Entscheidet sich die Führung – unausgesprochen – für Fake Change, weil sie konsequentes Handeln scheut, dann ist klar, dass die Organisation sich nicht verändern wird. Die Projektverantwortlichen werden sich aufreiben, weil sie nicht erfolgreich sein können.
Denn ohne top-down-Commitment keine bottom-up-Dynamik. Ohne Top-Level-Sponsoren keine Relevanz. Ohne Einfordern von Anwendung keine Effekte. Ohne Konsequenzen bei Ignorieren der Veränderun, keine Glaubwürdigkeit. Ohne Einfordern der kritischen Masse kein spürbarer Wandel.
Aber wenn das Alignment der Köpfe funktioniert, dann entsteht Rückenwind für gute Ideen.
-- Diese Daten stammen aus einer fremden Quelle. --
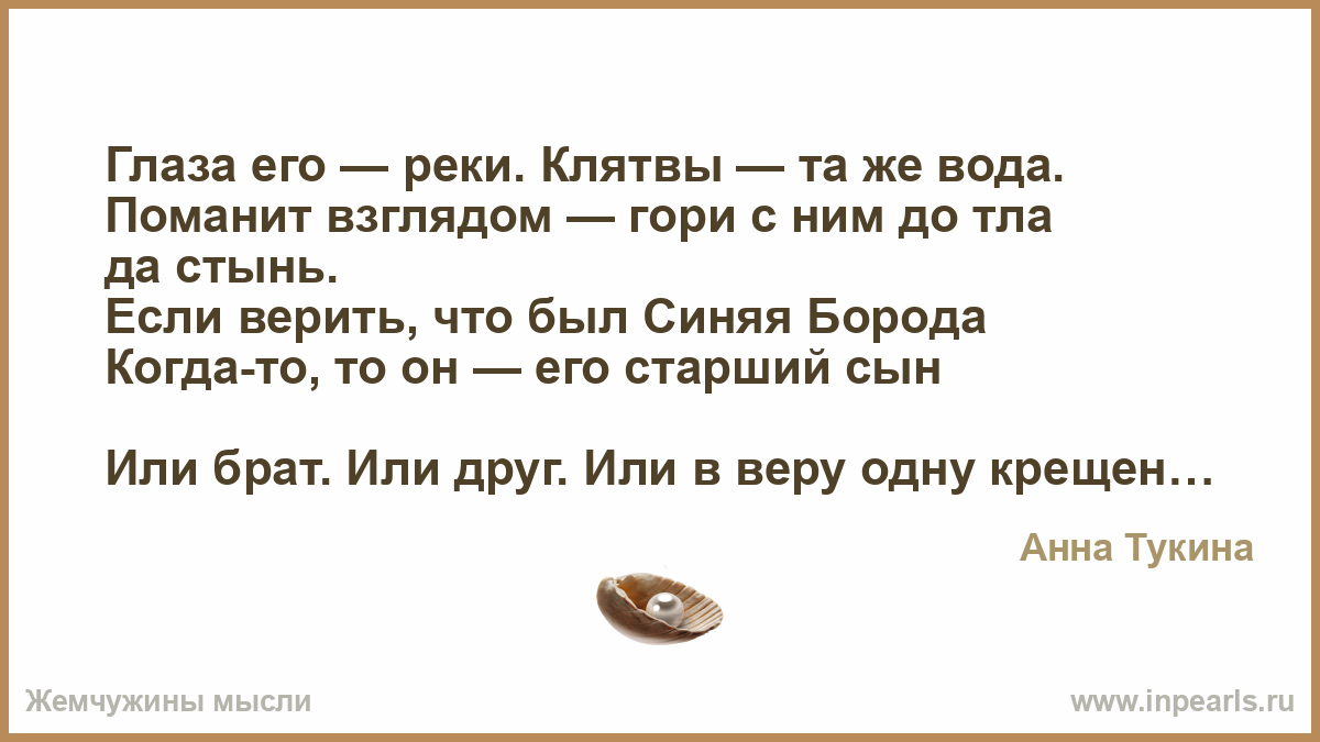 Глаза его — реки. Клятвы — та же вода.

Wenn der Wille da ist, fällt das Umsetzen leicht. Und dann ist Change inspirierend und motivierend.
Die lernende Organisation
«Wir möchten uns zur lernenden Organisation entwickeln», wünschen sich Führungskräfte manchmal zu Beginn eines Change-Projektes. Tatsächlich ist es so, dass alle Organisationen lernende Organisationen sind. Deshalb ist Unternehmenskultur so stabil, denn sie besteht aus nichts anderem als weiterführend erkanntem und gelerntem Verhalten.
Die Frage ist nur: Soll der Vorgang des Lernens beeinflusst werden? Dann muss die Organisation lernen, wie sie lernt. Die lernende Organisation macht die Art und Weise, wie sie lernt, zum Thema. Dann können die Mechanismen, die Gelerntes verankern, unterbrochen und durch neue Mechanismen ersetzt werden.